Alzheimer Europe regrets that negative European Medicines Agency opinion on donanemab reduces choice for Europeans with Alzheimer's disease

• The Committee for Medicinal Products for Human use (CHMP) of the European Medicines Agency (EMA) today issued a negative opinion on the marketing authorisation application of Eli Lilly for donanemab for slowing the progression of Alzheimer’s disease.
• Donanemab has already been approved by regulatory authorities in China, Japan, the United Kingdom (UK) and the United States (US).
• Lecanemab, another anti-amyloid therapy, received a positive opinion from the CHMP in November 2024 and is currently awaiting its marketing authorisation by the European Commission. Lecanemab has been approved by regulatory authorities in China, Hong Kong, Israel, Japan, Mexico, South Korea, the United Arab Emirates, the UK and the US.

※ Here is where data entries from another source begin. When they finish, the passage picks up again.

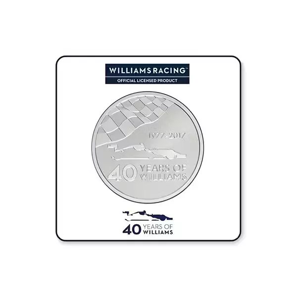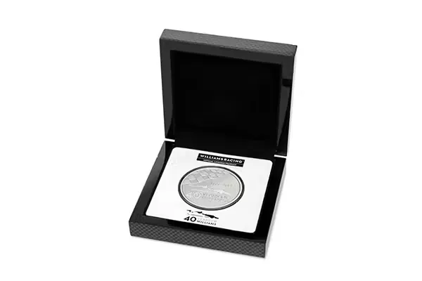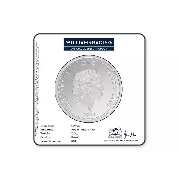 Minted as proofs in the UK by the Commonwealth Mint to celebrate 40 Years of Williams Racing, only 400 of these beautiful coins will ever be offered outside gold and silver sets. Each comes in a presentation box with a certificate of authenticity. The coins are 50mm diameter, weighing 2.5 Oz. The coins are legal tender and bear a portrait of Her Majesty Queen Elizabeth II on the obverse.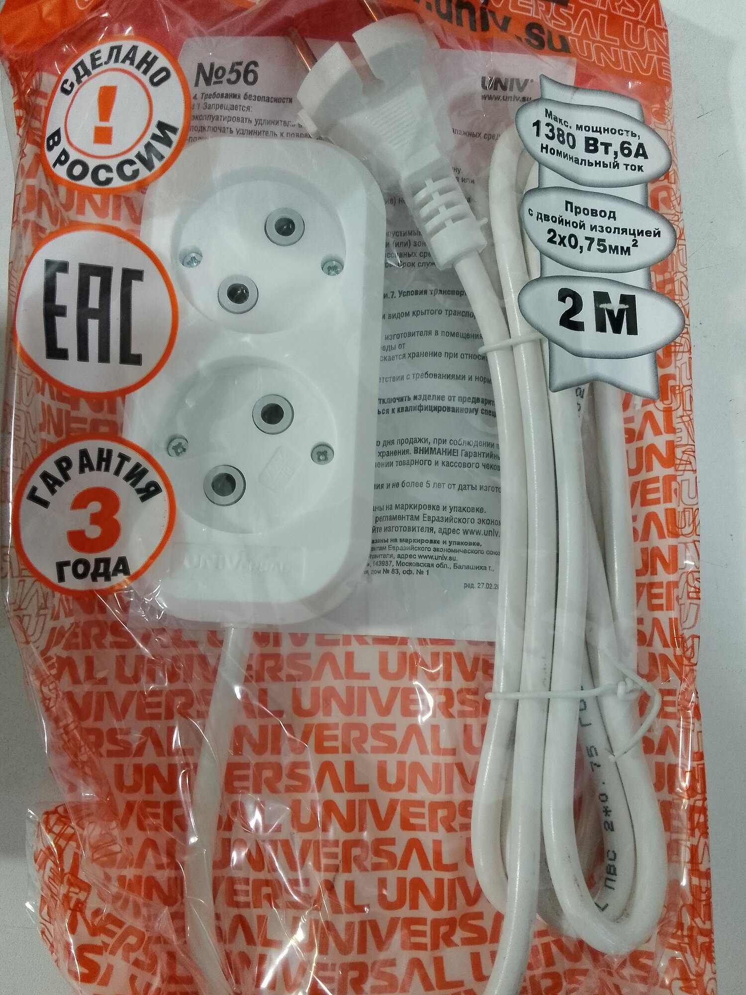 Удлинитель UNIVersal У6-011 М ПВС 2*0,75 2 гнезда без заземления, 2м (еврослот)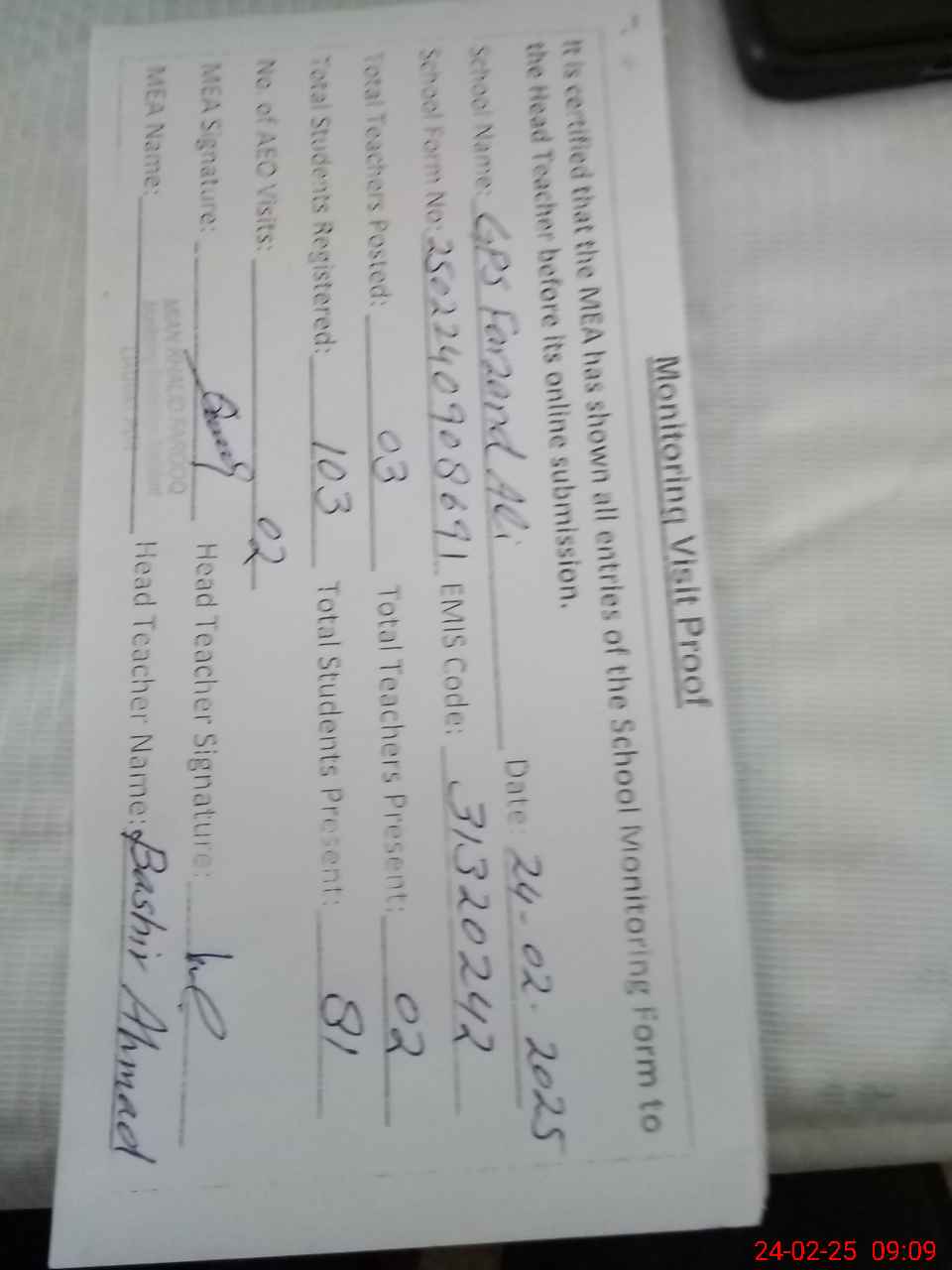 | Name: BA**** AH**** Designation: (School Headmaster's/Headmistress's) PST/PTC/JV Phone/Cell Number: 03**** |
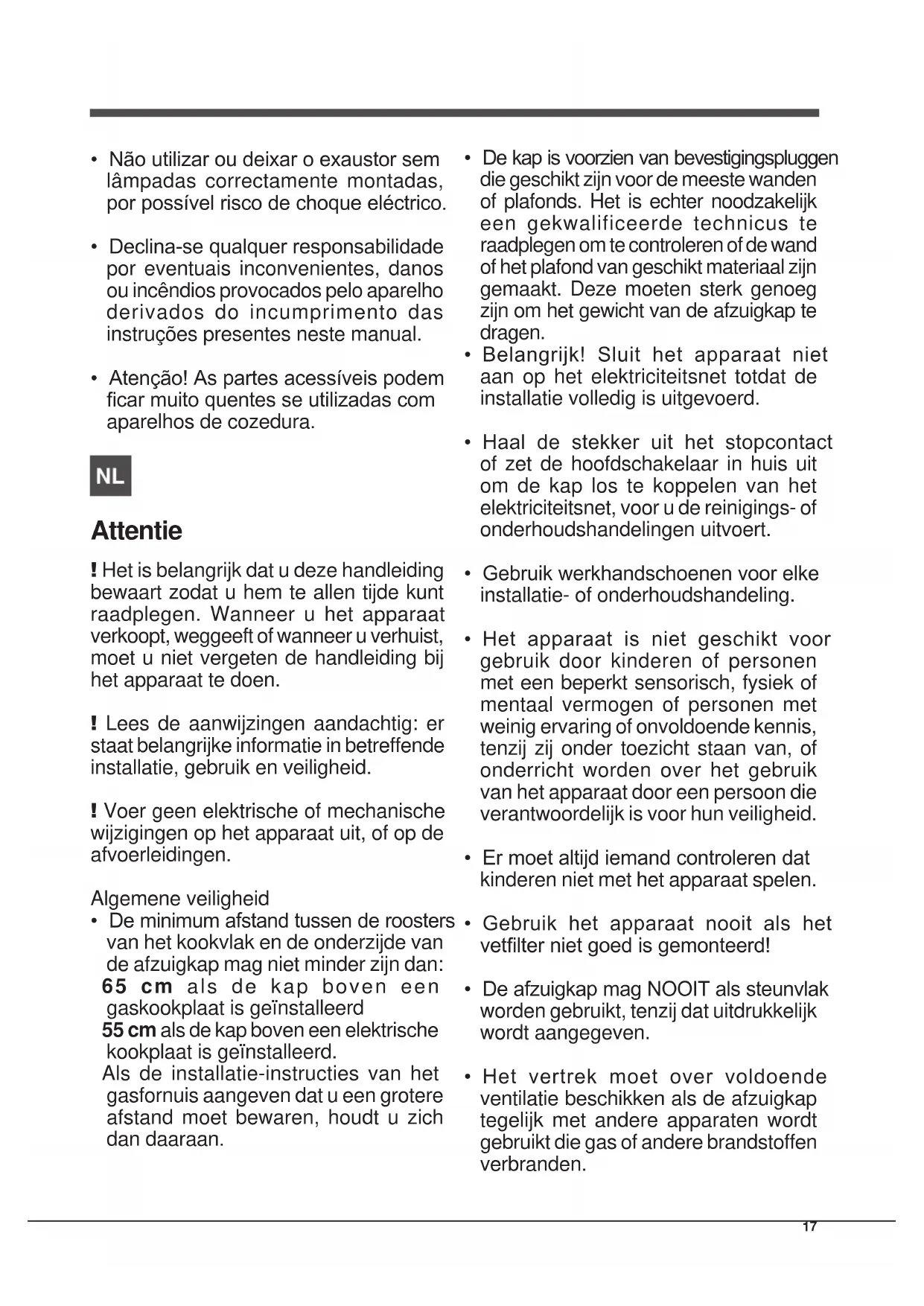 - Atenção! As partes acessíveis podem car muito quentes se utilizadas com aparelhos de cozedura. Attentie ! Het is belangrijk dat u deze handleiding bewaart zodat u hem te allen tijde kunt raadplegen. Wanneer u het apparaat verkoopt, weggeeft of wanneer u verhuist, moet u niet vergeten de handleiding bij het apparaat te doen. ! Lees de aanwijzingen aandachtig: er staat belangrijke informatie in betreffende installatie, gebruik en veiligheid. ! Voer geen elektrische of mechanische wijzigingen op het apparaat uit, of op de afvoerleidingen. Algemene veiligheid

• Alzheimer Europe therefore regrets the negative CHMP opinion, which means that Europeans with early Alzheimer’s disease may not have access to an additional treatment option available to patients in other countries.
• Alzheimer Europe fully supports the CHMP focus on patient safety, but feels that a controlled access programme and strict safety monitoring would have allowed access for Europeans to this treatment whilst excluding those most at risk of serious side effects.
• Alzheimer Europe hopes that real-world findings and data from ongoing trials of donanemab will provide the necessary scientific evidence for the EMA to reconsider its position.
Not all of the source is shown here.